As a self-confessed people person, teaching whānau, school children and those undergoing drug and alcohol rehabilitation the art of yoga, is Letesha Hallett's dream job.

In the last four years, she has empowered people across Christchurch, through her Yoga Warriors business.

Following the birth of her second child, Hallett, who had always enjoyed practising yoga as a student, decided to make a career out of the art form.

“I just tried it and was hooked from then onwards.”

Hallett is now helping to make yoga become more accessible to communities, by breaking down the barriers preventing people from getting healthy and well.

“We’re in a lot of different places at the moment – schools, with families and in rehabilitation centres too. Obviously, there are always different types of people when you’re walking into those types of places. I enjoy that part of the job, where I am constantly getting to meet different people.”

While any one session was never the same, every session was about adapting to the needs of whoever she was teaching.

“It’s the first time doing yoga for most of the people we are teaching, whether we’re inside a rehabilitation centre and working with whānau.
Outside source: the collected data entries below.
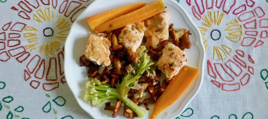Kantareller med lax, morötter och broccoli (AIP & Paleo)
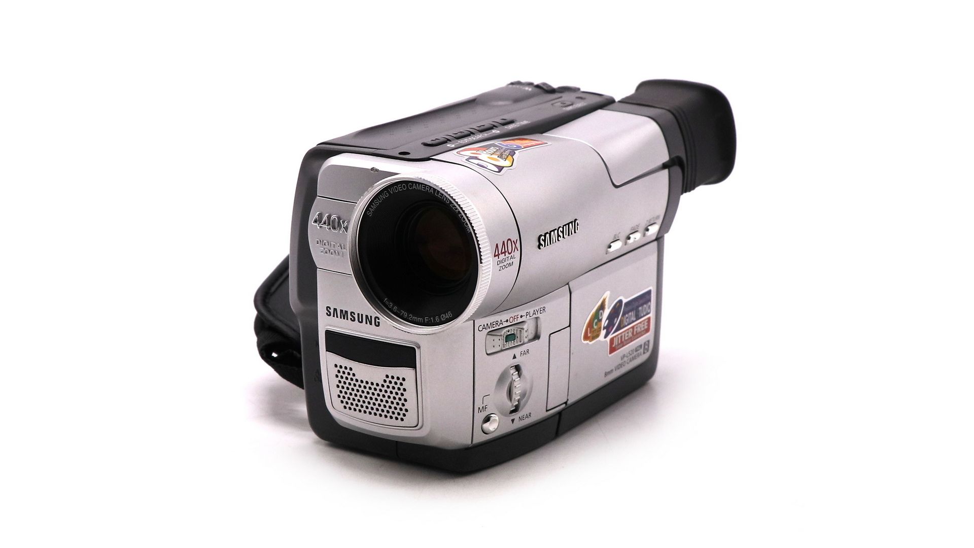 – Отличительные особенности: формат Video8, оптический зум 22×, цифровой зум 440×, матрица 0,32 Мпикс, ЖК-экран 2,5 дюйма
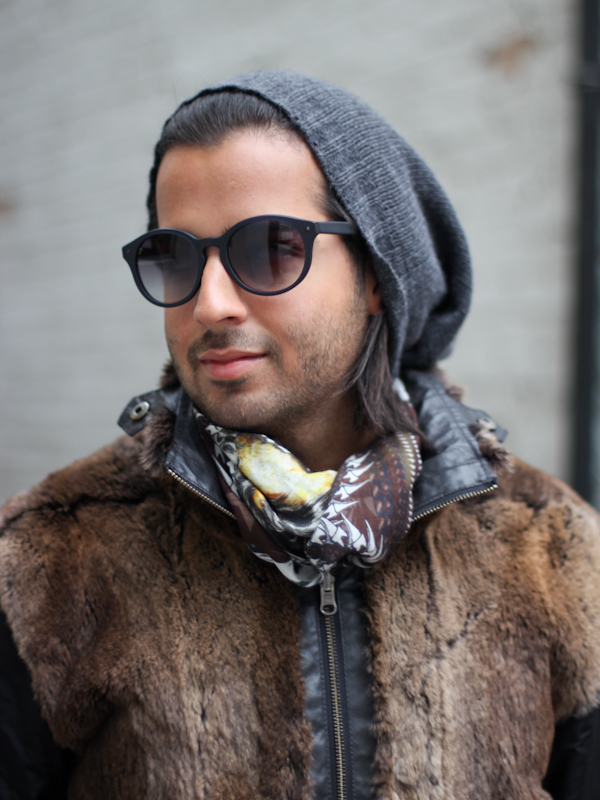 I spotted Kaveh walking down Rush Street with his friend a few days ago. I love the louche look of a beanie combined with more luxurious elements like a Givenchy scarf and Bottega Veneta sunglasses. It’s a damn cool way to bring a high fashion look down to earth. Off-duty models are the most visible fans of this look in the fashion week universe. What better way to cover up messy hair while dashing from show to show? Even designer labels Tibi and T by Alexander Wang jumped on the trend, featuring beanies in their Fall 2011 collections.
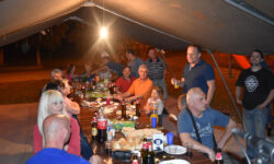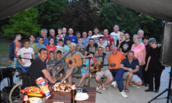 Kako je dan polako zalazio u tamu atmosvera se podgrevala, a je NAŠE društvo postalo veselije kada je u PRIČU ušla i karakteristična muzika Drvene Bande. Svima poznati tekstovi pop-rok muzike upakovani u Vojvođansko ruho otegnutog govora razgalili su društvo, kojem se pridružio i naš predsednik Radivoj Paroški. Veselje se nastavilo do pristojnih večernjih sati kada je i vatrometom označen vrhunac proslave. Ljudi koji na ovakav način proslavljaju dobijanje poklona, kao priznaje za svoj dosadašnji rad, ne mogu biti loši. Oni se raduju što će moći da nastave sa radom, a rad koji Vam proleti uz druženje nikada nije težak ma koliko Vam vremena oduzeo.
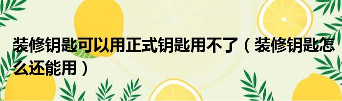 装修钥匙可以用正式钥匙用不了(装修钥匙怎么还能用)
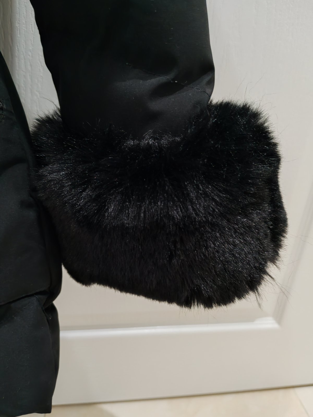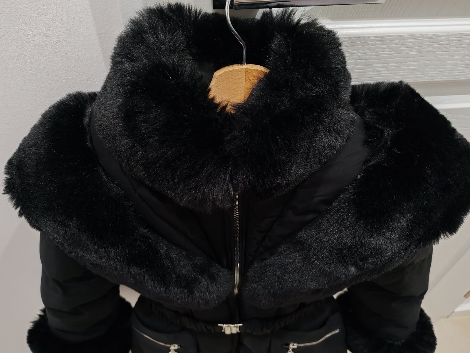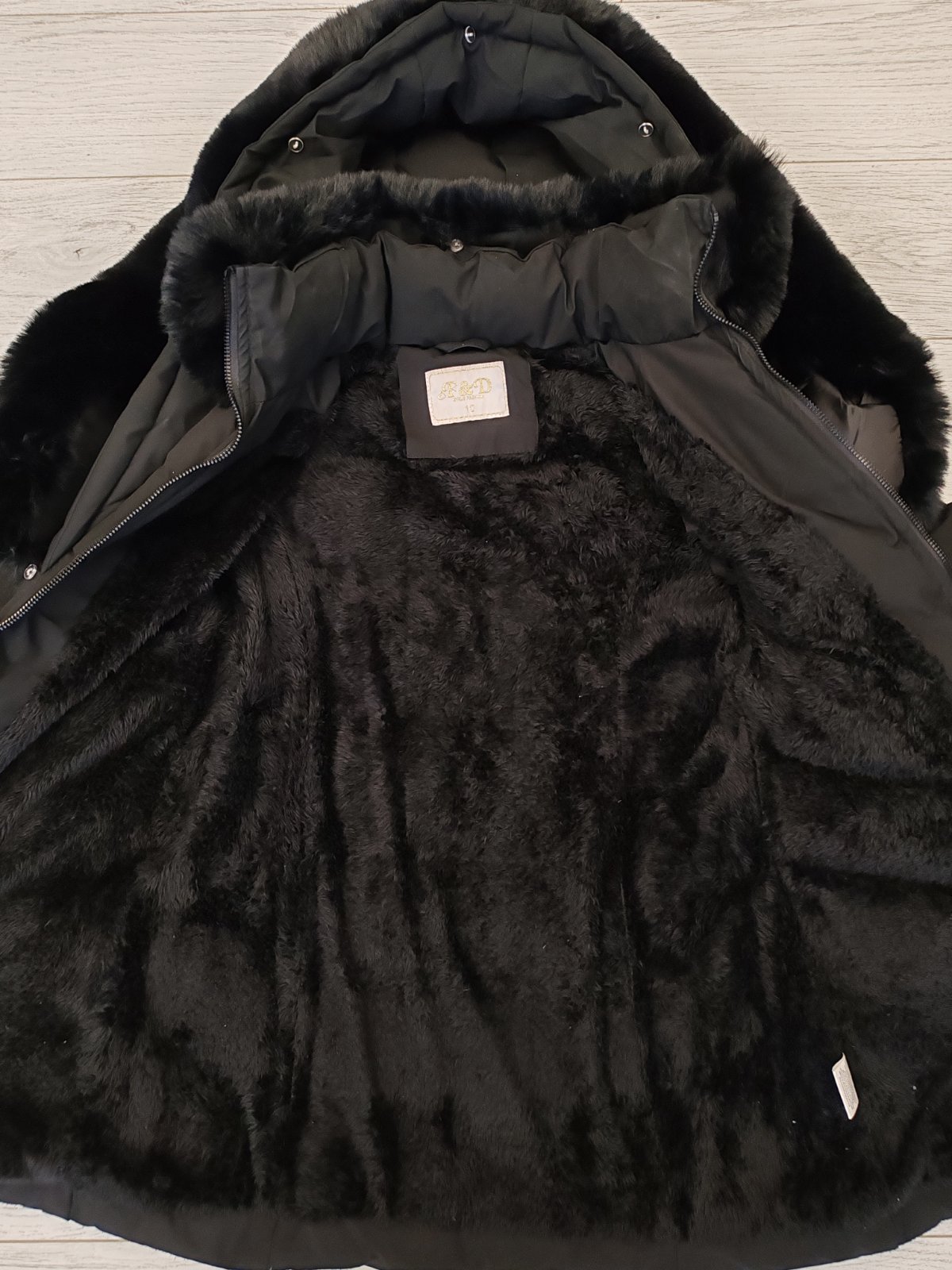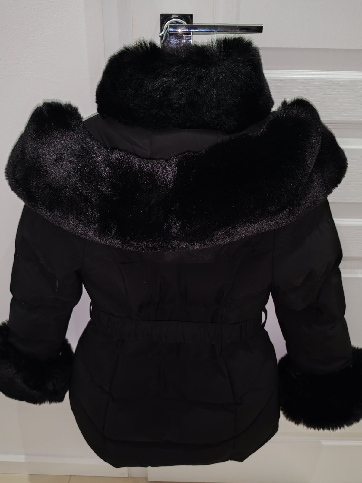 Predám krásny kabát veľkosti 140, 10r. Kabát je zvnútra zateplený kožušínkou. Kožušina je taktiež na koncoch rukávov na golieri a po kraji kapucne.

They come from all walks of life and they’re all different sizes - and everything. So being on the ball and adapting to them is the main thing.”

“As a teacher you’ve got to be really aware of what is going on and their surroundings and how they’re feeling.”
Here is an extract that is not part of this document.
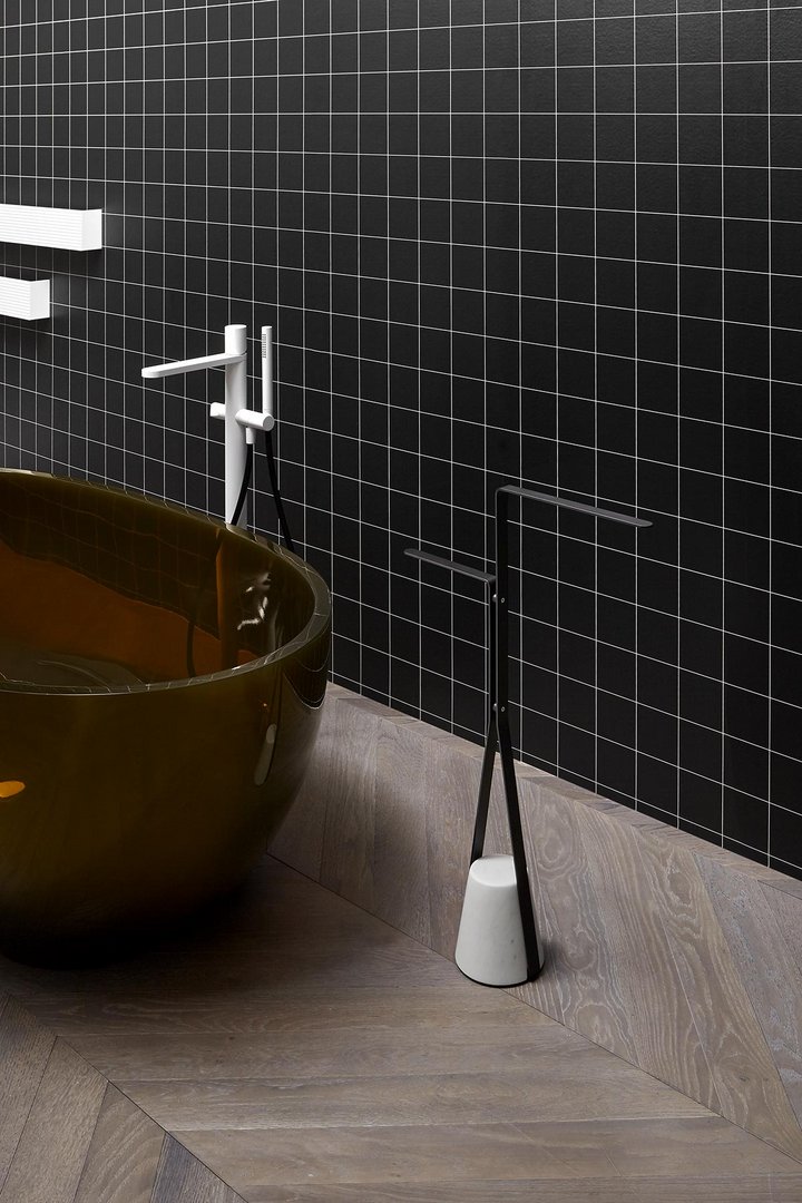 底座的材料特性,結構所描述的優雅路徑,結合在一起以實現平衡,這種平衡源于懸停在空中的愿望與反對它的重力之間的對比,將其固定在地面上。就像一個被向下拖拽的橡皮筋,但它隨后會遇到阻力和一致性,進而成為支撐。Halo 是一系列獨立的配件和桌子,重新定義了浴室內日常使用的功能元素的形象,但也可以用于房子的其他房間。

Hallett is now enjoying seeing the difference in her clients - and the role yoga is playing in their lives.

“We’re seeing awesome results. I’m seeing a huge boost in confidence in them. They start to challenge themselves and enjoy it a little bit more. A good thing is seeing them having fun because the more they enjoy something, the more they’re likely to come back.”

“Increasing physical movement is good for them too, especially if they’re in a position where they can’t leave the house."

Hallett is currently working with hundreds of young people and adults across Christchurch.

She runs classes from her St Asaph street studio, as well as whanau ora classes, external classes in schools, and classes at Te Waka Una and a Christchurch care and protection unit are in the works.

“If it proved to be working in places like that it just goes to show there is a lot more help needed and we could be needed other places.”

“There is no reason why we can’t spread the movement and help more and more people,” says Hallett, who wants anyone who is yet to do yoga, to just give it a go.

“I think it is important that you find somewhere where you are really comfortable.”

While there are many different teachers and studios out there, Yoga Warriors is unique, she says.

“Coming at it from a cultural perspective is quite important. I think Maori and Pacific can relate to us a little more.”

“We are grounded from a cultural place. The classes don’t look different, we come from the same foundations but a New Zealand manner. It just ties in together.”

Hallett is one of three wellness experts behind the creation of Hikitia Te Hā videos for All Right. It was yet another initiative that saw her match movement with cultural values.